You should also check the chemicals and avoid 2,4-D as campanulas are already resistant to this chemical.. Late spring or early fall are ideal times to spray weedkillers since conditions are favorable for them. The day should not be windy or rainy so that the plants have time to encounter the pesticide.

Keeping in mind that most campanula cultivars are self-seeding is important. Campanula seeds germinate in the same conditions as any other plant seed. You may be able to control this situation by stopping the seed capsules from developing and removing the faded blossoms.


Campanulas, like other unwanted plants, can be found in gardens. It’s important to know how to remove campanulas, even if they are beautiful blooms. This is especially true if they are taking over the garden and causing problems for the other plants. Pests and diseases thrive in an untidy garden, so it’s important to keep it that way.

You can always monitor the location and remove the seedlings and roots of campanulas to lessen their numbers. This will help you get rid of them quicker instead of getting overwhelmed by the foliage. Then, you can do a spot treatment with glyphosate or a broad treatment with dicamba.

Campanulas can be controlled by keeping an eye on the area and removing seedlings and roots as needed. Rather of being overpowered by the foliage, this will let you get rid of them faster. Glyphosate can be used on specific areas, or dicamba can be used more broadly.

Campanula glomerata (Clustered Bellflower)


Campanulas can be controlled by keeping a close eye on the area and removing seedlings and roots as necessary.
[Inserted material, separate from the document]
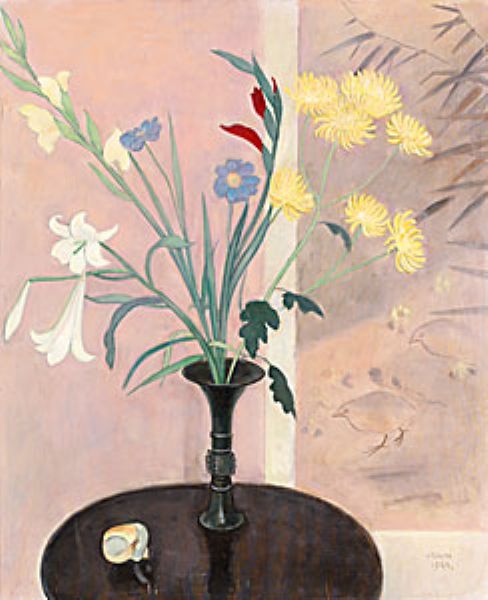 STILLEBEN MED LILJOR, GLADIOLUS OCH CHRYSANTHEMUM.
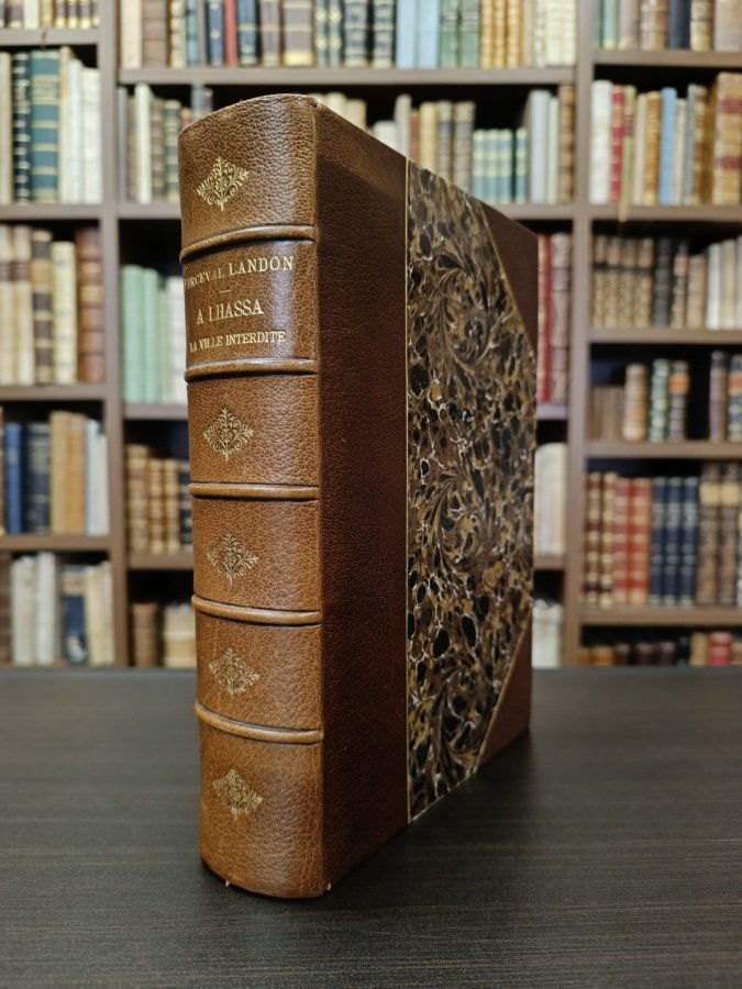 <span style="font-style: normal;">In-8° (cm. 23,2), bella legatura d'amatore in mezza pelle ad angoli, dorso a nervi con titolo ed eleganti fregi floreali in oro ai comparti, risguardi in carta decorativa; conservata la brossura editoriale illustrata a colori; pp. VII [1] 449 [3] in ottimo stato; con 23 tavole eliografiche in nero fuori testo protette da veline didascaliche e 1 carta geografica ripiegata sempre fuori testo in fine. Prima edizione francese di </span><i>Lhasa. An account of the country and people of central Tibet and of the progress of the mission sent there by the English government in the year 1903-1904</i><span style="font-style: normal;">, fra i più significativi resoconti del tempo di viaggio in Tibet, frutto delle corrispondenze del Landon per il </span><i>Times</i>. Il Landon fu uno dei primi europei a descrivere in dettaglio la città sacra di Lhasa. Ottimo esemplare. (NC3)

Instead of being overwhelmed by the leaves, you’ll be able to get rid of them much faster this way… Glyphosate can be used locally, while dicamba can be applied broadly.

While some gardeners like to let the plant thrive in regions where other plants may not grow, others prefer to keep it under control and prevent it from spreading too far. It sounds like the other plants in your yard are suffering because of the invasive creeping bellflower in your instance, therefore you’ll want to remove it. While it’s impossible to completely remove or control it, here are some options:

  • Remove any new branches that appear, as well as the root itself, as much as feasible. Removing brand-new plants is the simplest task.
  • Remove as much of the root as possible by digging or pulling it out. When the earth is wet, such as after a shower or watering, it is considerably easier to pluck weeds.
  • To prevent self-seeding, remove the seed heads from the blooms.
  • Composting the plant components will result in the growth of new plants, thus avoid doing so. Toss them in the trash.
  • Be on the lookout for tiny seedlings of the bellflower when you buy fresh plants and eliminate them.
  • Keep an eye out for Campanula rapunculoides when you buy wildflower seed mixtures.

The most difficult part of eliminating the weeds is locating and removing all of the root bits. Getting rid of the plant will most likely require several years of dedication and perseverance.

I wish you the best of luck in your efforts to manage or eradicate those annoying bellflowers!